* [PROMPT] In the data below, find the line with "Минтай пропустите через" and the line with "Las invitaciones magnéticas", then restate both and every line between them exactly, minus the pictures.

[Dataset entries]
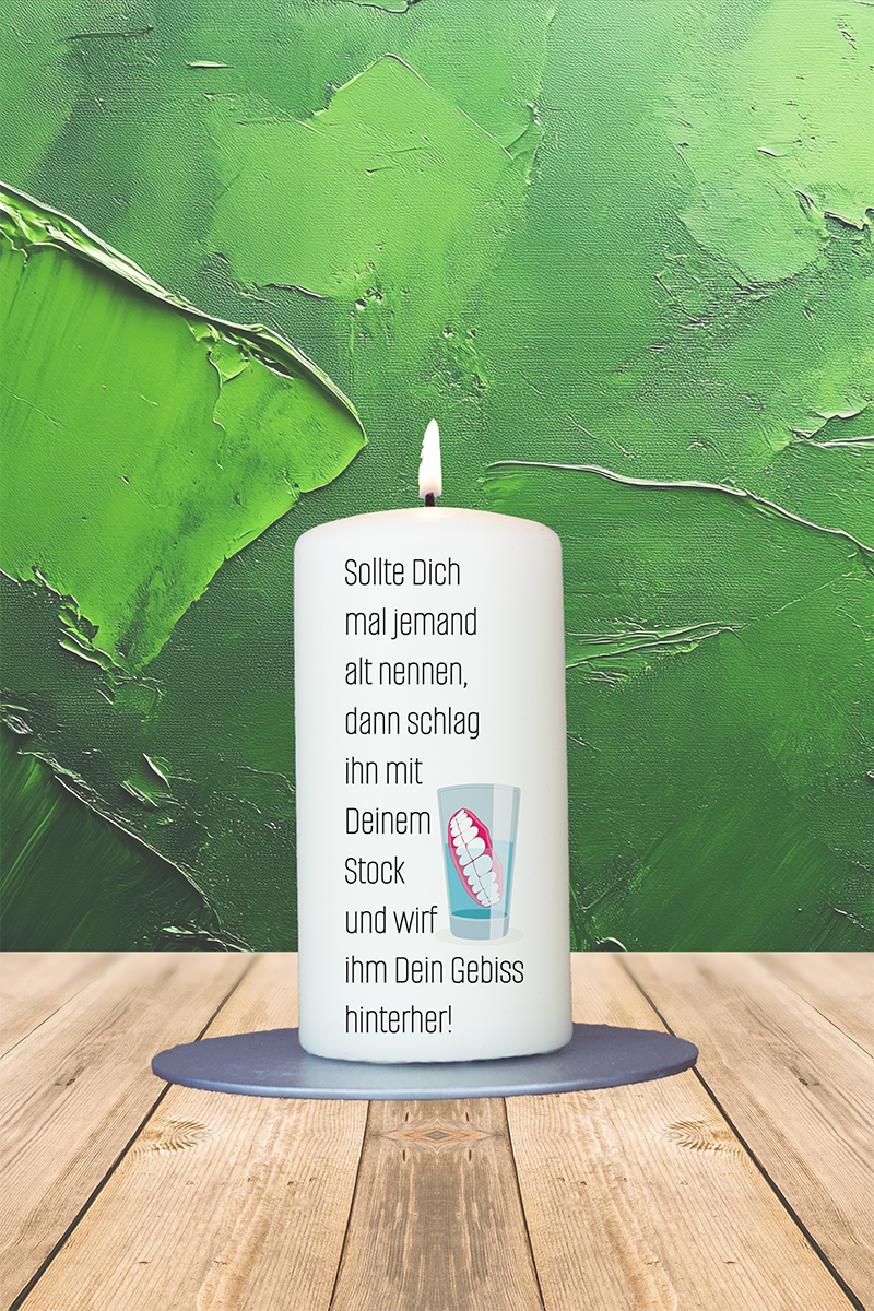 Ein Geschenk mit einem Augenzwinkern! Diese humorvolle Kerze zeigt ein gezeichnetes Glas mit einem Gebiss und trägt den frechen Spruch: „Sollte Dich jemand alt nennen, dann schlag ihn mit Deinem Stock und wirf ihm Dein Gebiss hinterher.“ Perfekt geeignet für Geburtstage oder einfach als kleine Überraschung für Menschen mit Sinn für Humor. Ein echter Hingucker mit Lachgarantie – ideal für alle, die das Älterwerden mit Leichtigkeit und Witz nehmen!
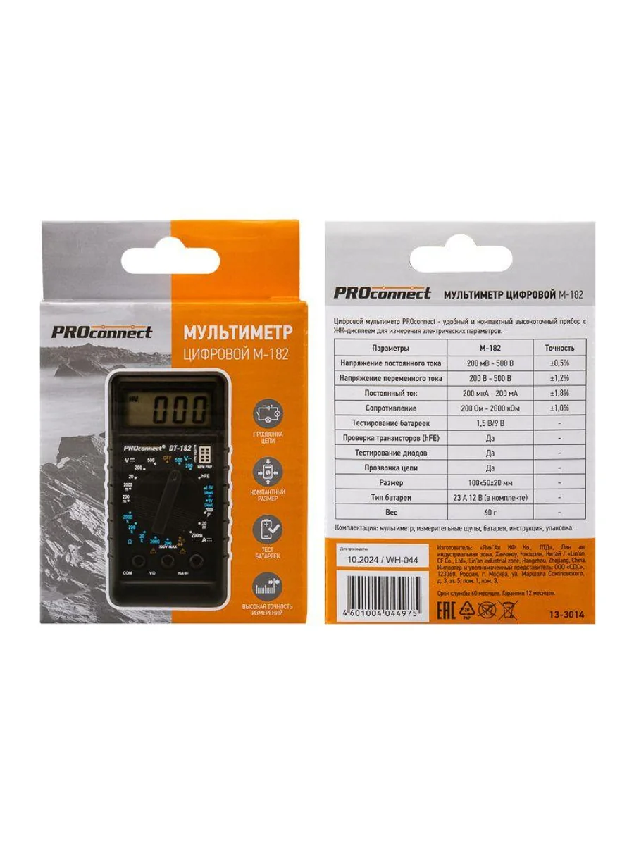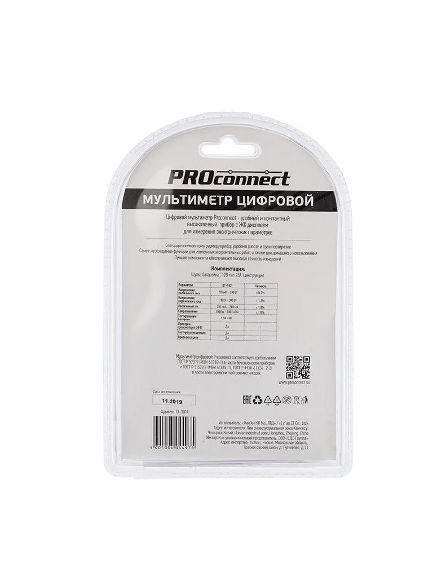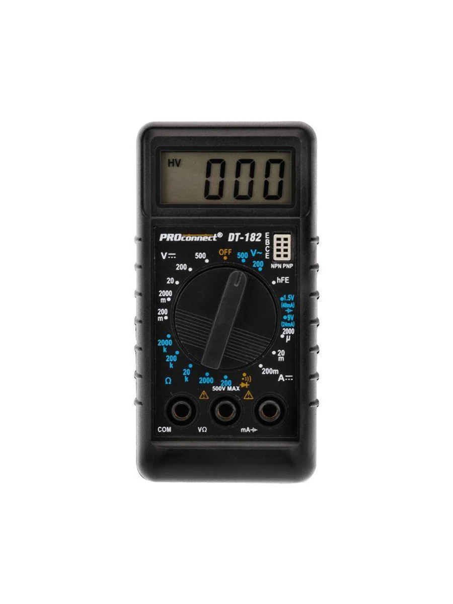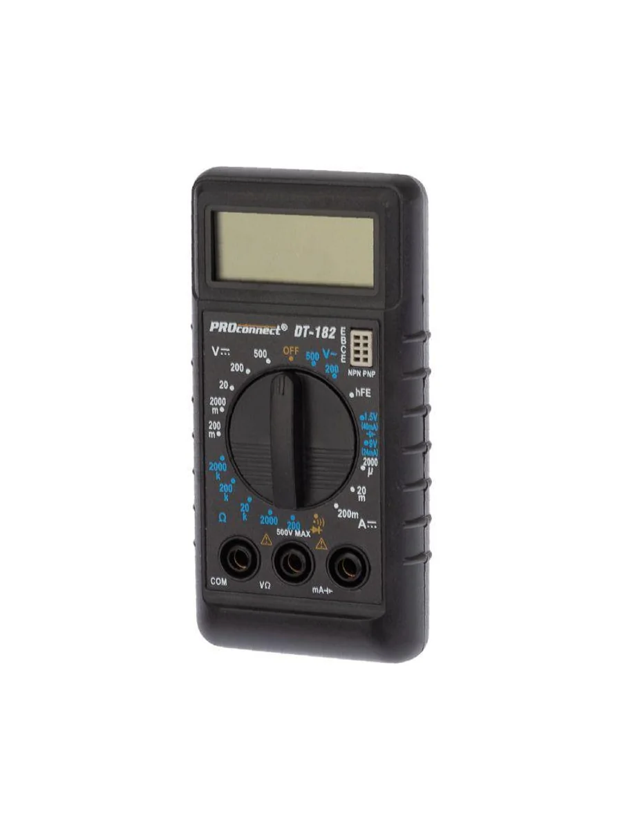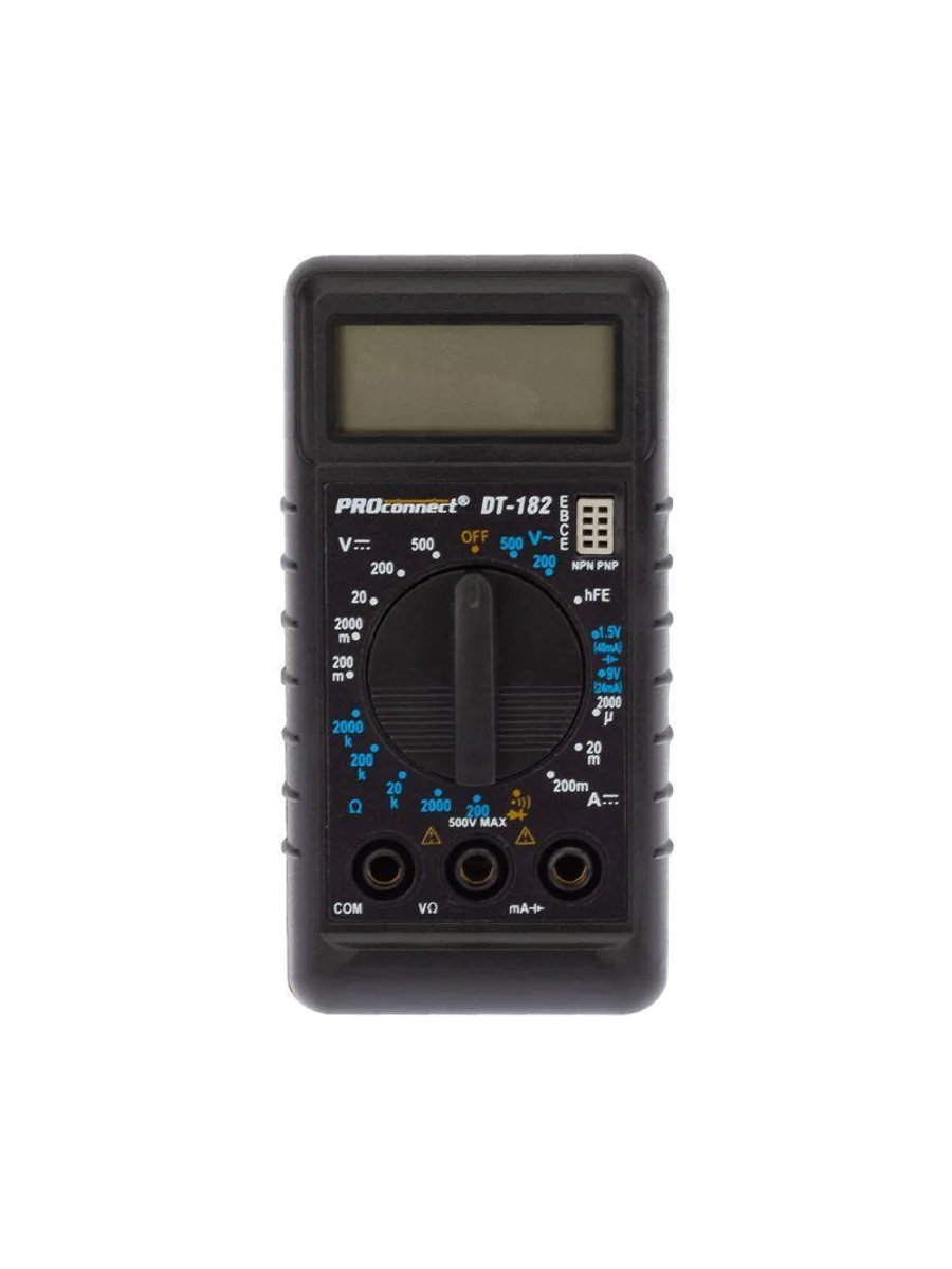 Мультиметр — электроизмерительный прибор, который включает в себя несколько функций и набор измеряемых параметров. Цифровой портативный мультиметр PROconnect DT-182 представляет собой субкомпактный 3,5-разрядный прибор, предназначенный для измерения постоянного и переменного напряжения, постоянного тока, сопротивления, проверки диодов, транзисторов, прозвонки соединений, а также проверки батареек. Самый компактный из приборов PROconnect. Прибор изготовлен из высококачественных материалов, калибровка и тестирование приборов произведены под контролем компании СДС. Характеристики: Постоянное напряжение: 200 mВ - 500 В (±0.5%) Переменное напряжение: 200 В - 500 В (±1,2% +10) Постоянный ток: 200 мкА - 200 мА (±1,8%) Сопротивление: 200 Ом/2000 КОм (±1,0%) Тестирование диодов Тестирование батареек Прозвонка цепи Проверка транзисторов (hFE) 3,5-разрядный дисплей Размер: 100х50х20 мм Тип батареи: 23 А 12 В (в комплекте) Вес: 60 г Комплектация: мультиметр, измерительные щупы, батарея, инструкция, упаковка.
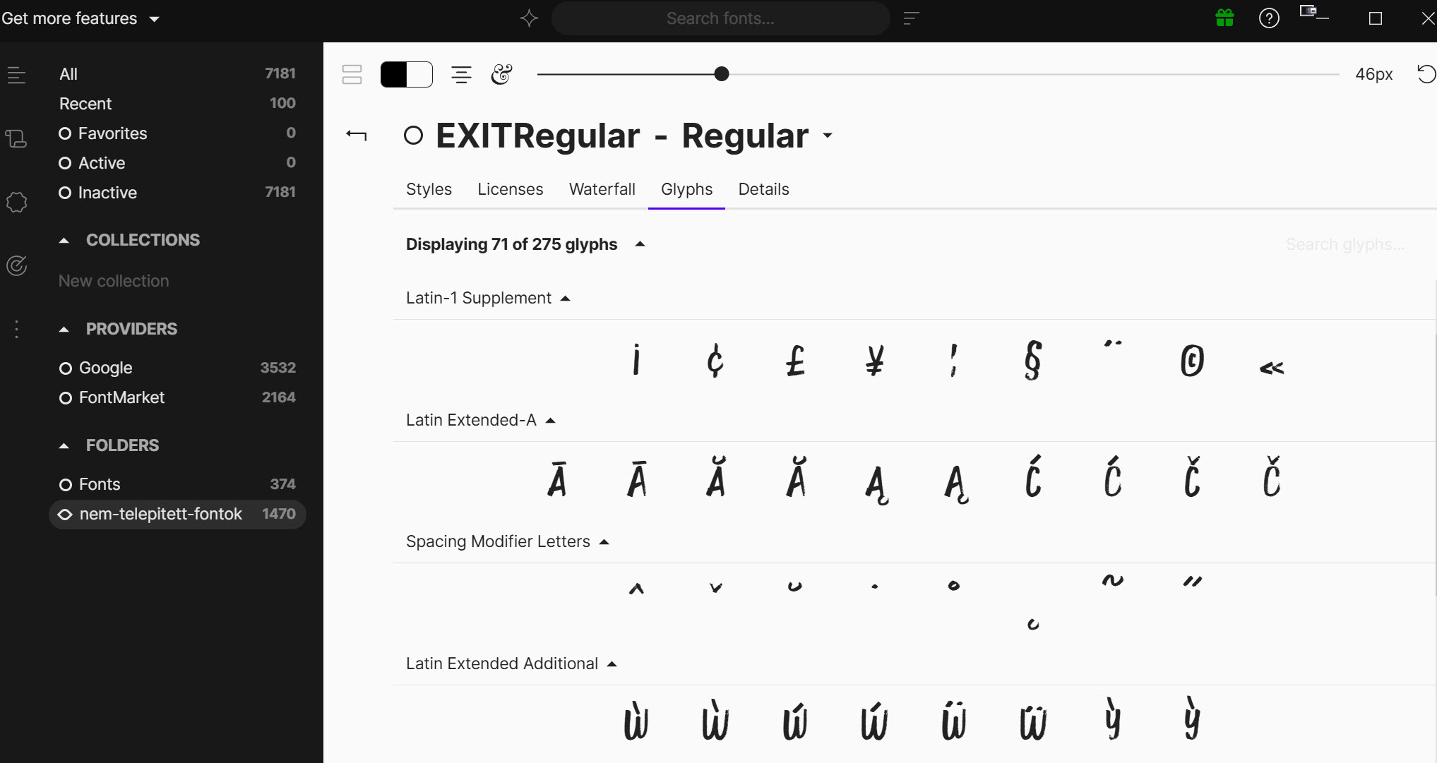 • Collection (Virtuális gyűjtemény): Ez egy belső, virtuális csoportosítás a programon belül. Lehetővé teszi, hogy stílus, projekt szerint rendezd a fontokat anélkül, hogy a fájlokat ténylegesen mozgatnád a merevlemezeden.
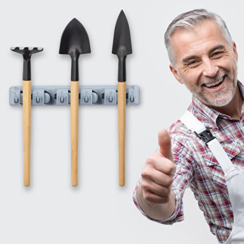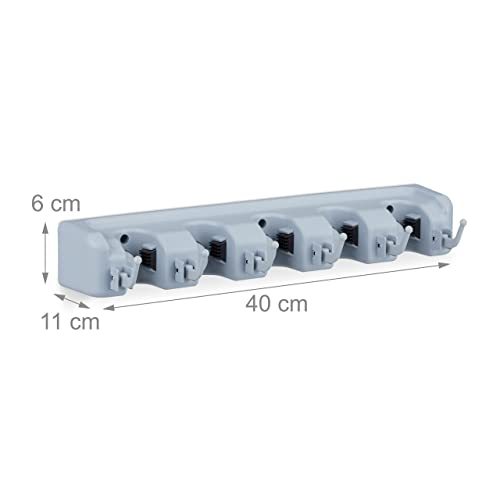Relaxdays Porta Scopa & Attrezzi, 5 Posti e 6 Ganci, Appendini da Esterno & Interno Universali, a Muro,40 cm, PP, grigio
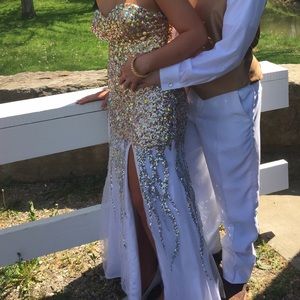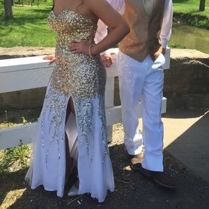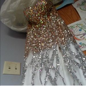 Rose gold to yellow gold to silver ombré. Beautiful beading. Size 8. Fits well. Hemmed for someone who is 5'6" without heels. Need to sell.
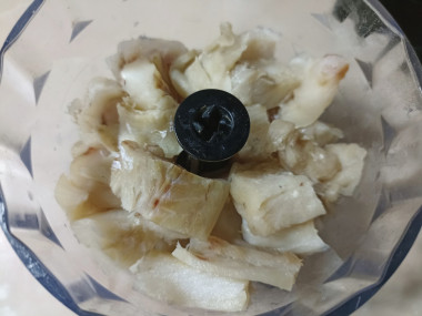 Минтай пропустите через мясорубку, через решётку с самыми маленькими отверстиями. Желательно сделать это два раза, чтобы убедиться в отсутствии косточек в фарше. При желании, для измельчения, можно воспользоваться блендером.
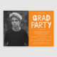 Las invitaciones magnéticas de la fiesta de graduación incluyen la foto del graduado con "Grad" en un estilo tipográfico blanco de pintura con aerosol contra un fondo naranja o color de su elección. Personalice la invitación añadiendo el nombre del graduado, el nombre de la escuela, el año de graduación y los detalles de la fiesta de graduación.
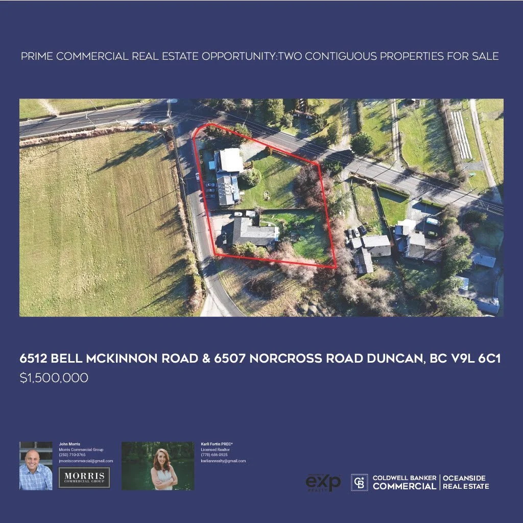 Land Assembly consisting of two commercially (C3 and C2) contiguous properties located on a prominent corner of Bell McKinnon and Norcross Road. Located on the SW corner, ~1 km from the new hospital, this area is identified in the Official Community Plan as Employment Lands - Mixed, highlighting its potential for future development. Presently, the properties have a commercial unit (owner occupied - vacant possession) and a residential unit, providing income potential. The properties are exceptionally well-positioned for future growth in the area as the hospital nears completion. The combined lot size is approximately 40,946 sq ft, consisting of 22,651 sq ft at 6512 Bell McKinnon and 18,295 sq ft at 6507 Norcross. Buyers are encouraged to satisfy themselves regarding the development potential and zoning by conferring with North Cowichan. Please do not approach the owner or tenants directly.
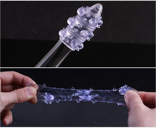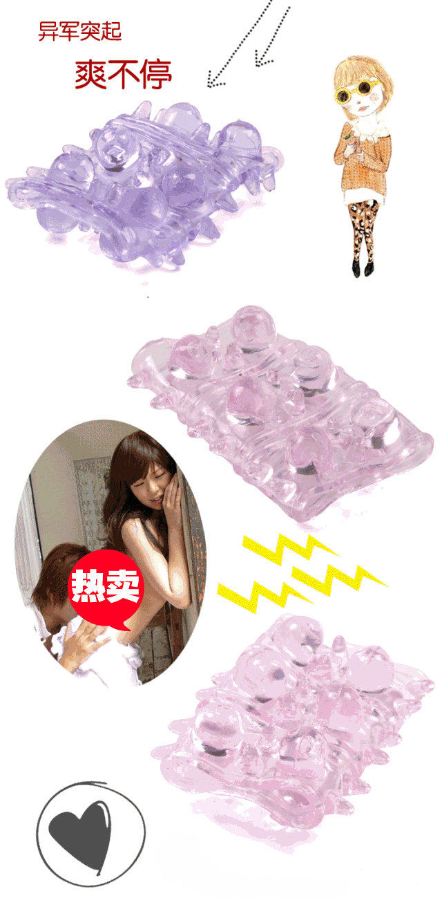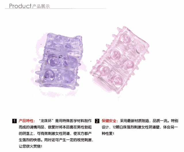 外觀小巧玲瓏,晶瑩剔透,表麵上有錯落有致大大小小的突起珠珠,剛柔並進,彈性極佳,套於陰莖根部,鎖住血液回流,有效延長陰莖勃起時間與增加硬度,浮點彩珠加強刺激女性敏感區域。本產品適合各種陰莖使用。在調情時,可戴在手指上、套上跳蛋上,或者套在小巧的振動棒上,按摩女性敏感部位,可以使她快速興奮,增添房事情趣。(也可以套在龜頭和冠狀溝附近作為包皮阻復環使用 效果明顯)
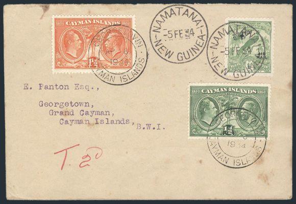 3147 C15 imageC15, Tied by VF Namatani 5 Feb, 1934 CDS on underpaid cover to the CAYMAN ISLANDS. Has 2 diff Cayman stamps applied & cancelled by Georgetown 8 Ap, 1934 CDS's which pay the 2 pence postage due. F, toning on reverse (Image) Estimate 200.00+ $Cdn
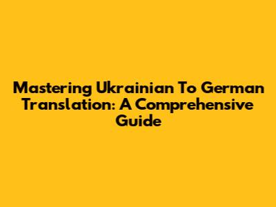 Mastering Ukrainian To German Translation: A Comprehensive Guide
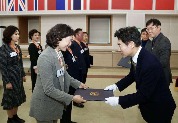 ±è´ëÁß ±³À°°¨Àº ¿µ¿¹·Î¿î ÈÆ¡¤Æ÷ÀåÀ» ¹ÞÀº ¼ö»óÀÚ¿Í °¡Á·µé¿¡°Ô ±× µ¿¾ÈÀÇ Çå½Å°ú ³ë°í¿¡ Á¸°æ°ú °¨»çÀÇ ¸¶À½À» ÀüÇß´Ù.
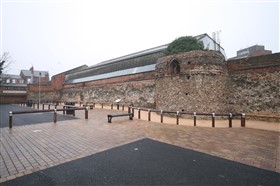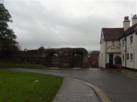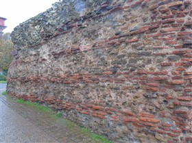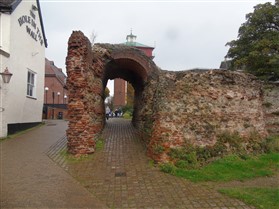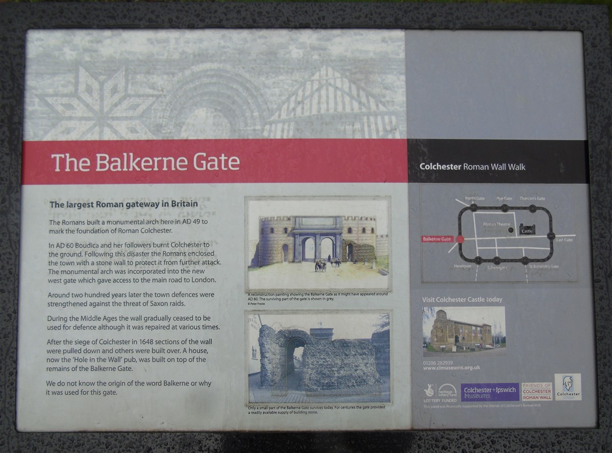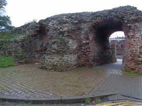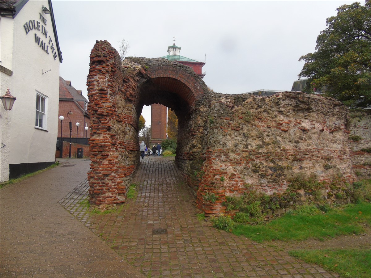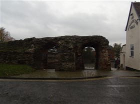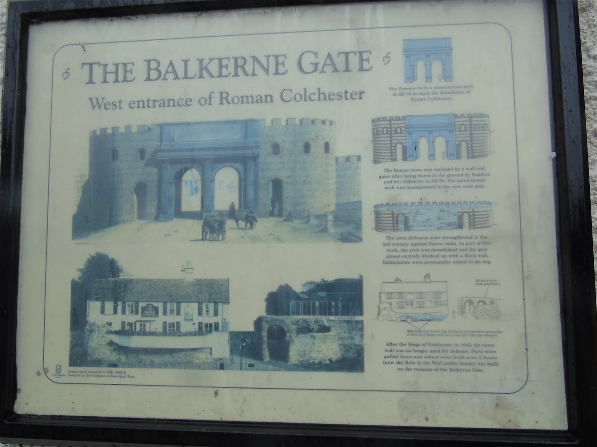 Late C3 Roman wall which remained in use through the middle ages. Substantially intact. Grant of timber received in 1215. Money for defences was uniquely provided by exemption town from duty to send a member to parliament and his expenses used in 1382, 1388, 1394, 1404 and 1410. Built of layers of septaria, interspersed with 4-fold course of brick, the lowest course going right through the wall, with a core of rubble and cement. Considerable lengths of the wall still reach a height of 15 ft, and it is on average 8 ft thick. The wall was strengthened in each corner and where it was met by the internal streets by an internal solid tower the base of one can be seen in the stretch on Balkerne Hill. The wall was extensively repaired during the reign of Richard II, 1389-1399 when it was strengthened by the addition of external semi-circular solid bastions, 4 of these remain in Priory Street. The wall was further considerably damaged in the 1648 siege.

* [WRITTEN SOLUTION]
 Минтай пропустите через мясорубку, через решётку с самыми маленькими отверстиями. Желательно сделать это два раза, чтобы убедиться в отсутствии косточек в фарше. При желании, для измельчения, можно воспользоваться блендером.
 Las invitaciones magnéticas de la fiesta de graduación incluyen la foto del graduado con "Grad" en un estilo tipográfico blanco de pintura con aerosol contra un fondo naranja o color de su elección. Personalice la invitación añadiendo el nombre del graduado, el nombre de la escuela, el año de graduación y los detalles de la fiesta de graduación.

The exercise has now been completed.